Yes, a hartal to commemorate Bhagat Singh became the core of Hindu-Muslim religious strife in Kanpur. According to the Congress’ own official inquiry committee that investigated the riots, the Muslims had been feeling unnerved at the end of the Civil Disobedience Movement as its perceived success with the British Raj was considered a Hindu victory. Since it was a Hindu victory, the Muslim community started organising Tanzeem. The Tanzeem movement was “no doubt to organise the Mohammadans in opposition to the Congress movement as an organisation of Hindus,” writes JF Sale, then distrct magistrate of Kanpur, the official inquiry report.

According to one Daya Ram Nigam, a Kanpur resident who deposed in front of the British inquiry committee on riots, “The tanzeemites had more of the look of a regular army of soldiers than of the servants of religion or of people… it had distinctly political bearing and was avowedly anti-Hindu”.

The result of this Muslim anxiety about the perceived ascendance of Hindus under the aegis of a rather unequivocally secular Congress leadership was communitarian strife that officially claimed some 300 lives, unofficially over 500.

The Direct Action Day that wreaked havoc in eastern India, especially Bengal, was yet another example of how the Muslim community shall react whenever it feels that loss of superiority over Hindus, whenever it thinks it is losing the match.

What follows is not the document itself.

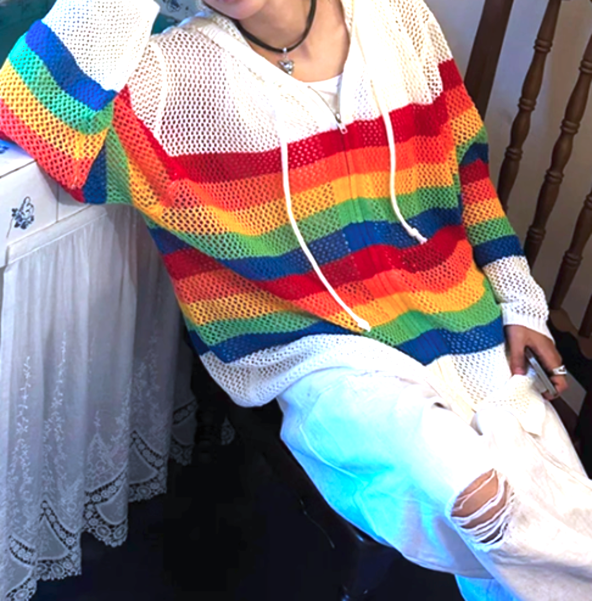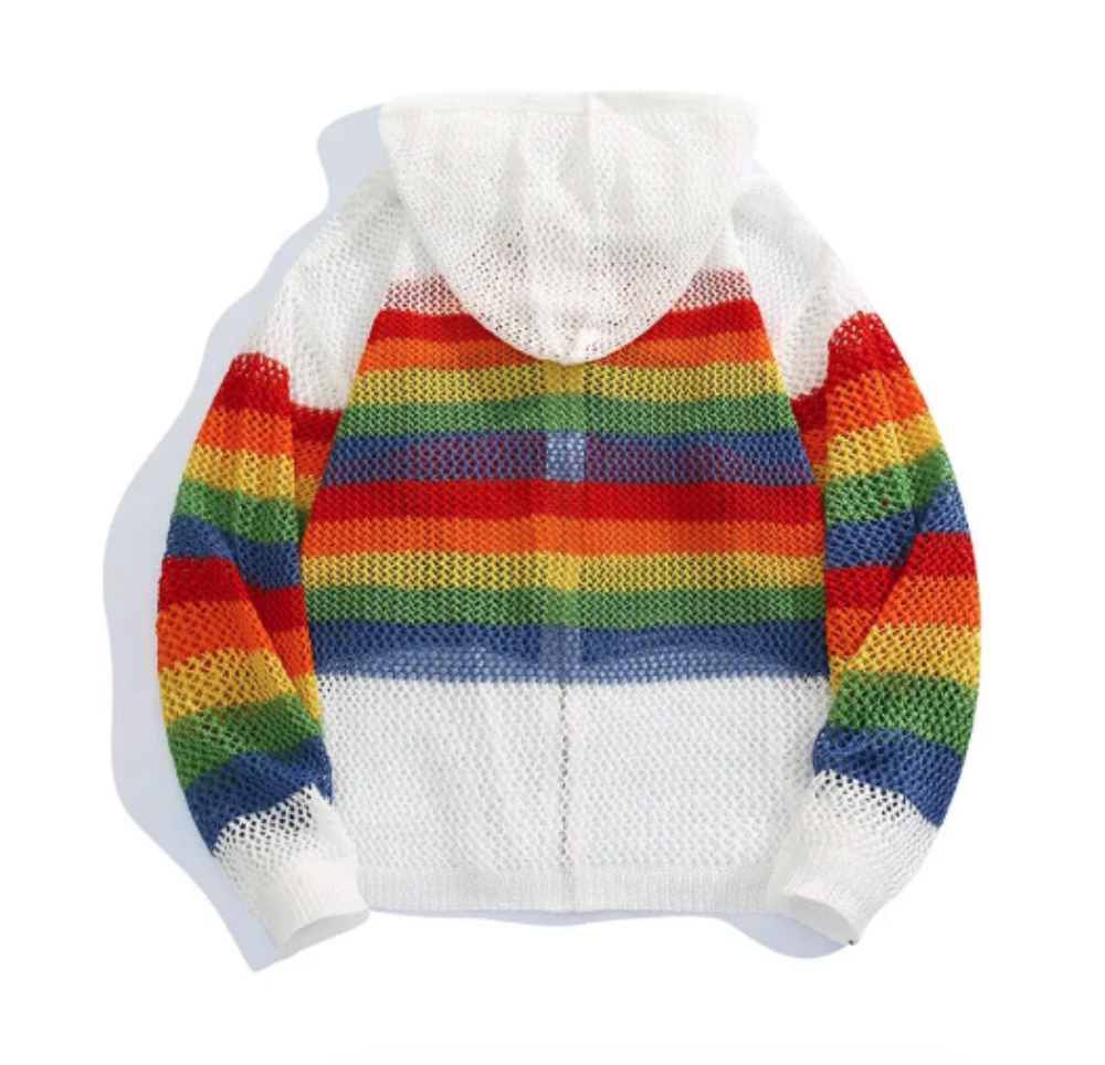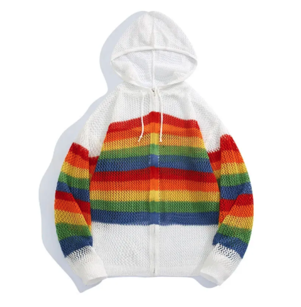RAINBOW STRIPE KNIT ZIP HOODIE

Cut to present. Since 2014, the Muslim electorate has ceased to be a political force. The political equation struck by the BJP with Prime Minister Narendra Modi at the head of it has shorn all political significance from what once was the king-making electorate. The recent Uttar Pradesh election, going a step ahead of the last one, has come to show that Muslim vote-bank politics is a non-starter. The drubbing of such parties that hankered after the Muslim vote as a bank has had a more telling effect on the overall political significance of this community.

So what started with the abrogation of Articles 370, 35A, strike on triple talaq and converged on hijab, halal and loudspeakers atop mosques, culminated on the day of Hanuman Jayanti in Delhi’s Jahangirpuri.